X-Men_-_ApocalypseThe third chapter in a trilogy is always tricky one to get right, something the teenage mutants acknowledge themselves during the third film in the X Men prequel seires. But it can’t be as bad as X Men: The Last Stand can it?

Its 1983, ten years on from the events of Days of Future Past and mutants are living alongside humans but while they are not at war they are living on a knife’s edge. When one of the world’s first mutant Apocalypse (Oscar Isaac) awakes from centuries of slumber he is determine to lay the world to waste and start again, with himself as it’s God. It’s up to Professor X (James McAvoy) , Mystique (Jennifer Lawrence) and their students to stop him.

OK so Apocalypse is not as good as Days of Future Past or X2 but thankfully it’s nowhere near the flops that were The Last Stand or Origins: Wolverine. Despite the influx of new characters (or returning, younger characters depending how you look at it) the film doesn’t feel overloaded and most get some good moments.

Perhaps the ones that get least development is the new mutants who become the Four horsemen working for Apocalypse aside Magneto (Micheal Fassbender – always good). Out of the three newcomers only Storm (Alexandra Shipp) has some potential. Psylock (Olivia Munn) looks cool and Angel (Ben Hardy) is great looking -apart from the dodgy 80’s hair- but aside from that they make little impact. Oscar Isaac also feels hampered under the prosthetics in what ends up being another generic supervillain, especially compared to Fassbender’s compellingly tragic anti-hero.

Lawrence’s Mystique is served better by the story this time than she was in Days of Future Past and the always dependable McAvoy shines again as Xavier.
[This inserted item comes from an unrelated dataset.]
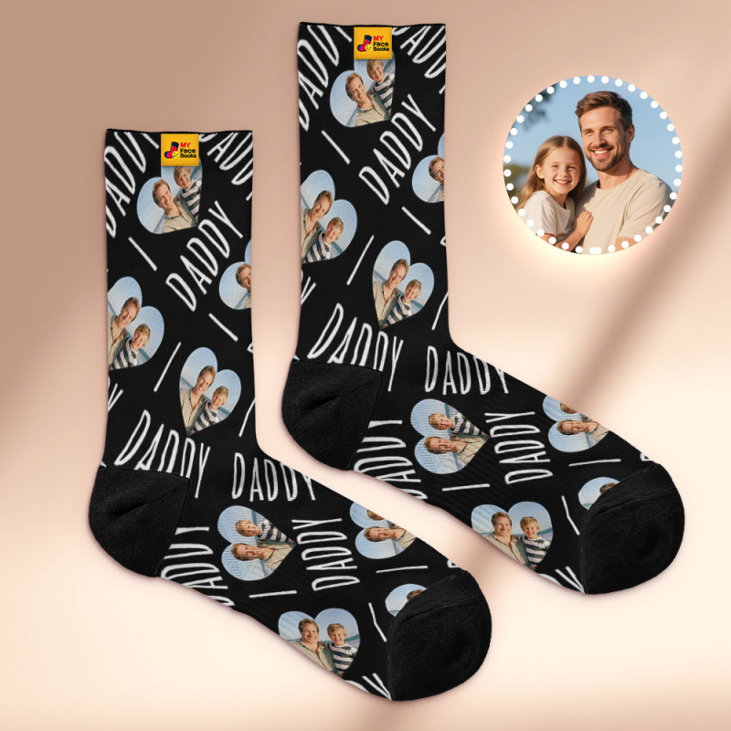 Custom Face Socks I Love Daddy Face Socks Photo Print Socks Colorful Dad Socks Personalized Fathers Day Gift

Out of the new students Kurt/Nightcrawler (Kodi Smit-McPhee) is instantly endearing and Sophie Turner’s Jean Grey looks set to become an interesting addition to the team. Maybe if they do more movies they can tackle the Dark Phoenix storyline properly this time.

Action wise there are some good scenes even though the climatic scenes feature the over familiar destroying of a major city. One of the highlights of the film is the reappearance of Quicksilver (Evan Peters) who once again gets a scene stealing moment as he rescuing a bunch of mutants from a building. Peters is hugely likeable and very funny in his extended role. So when will we get a solo Quicksilver movie then?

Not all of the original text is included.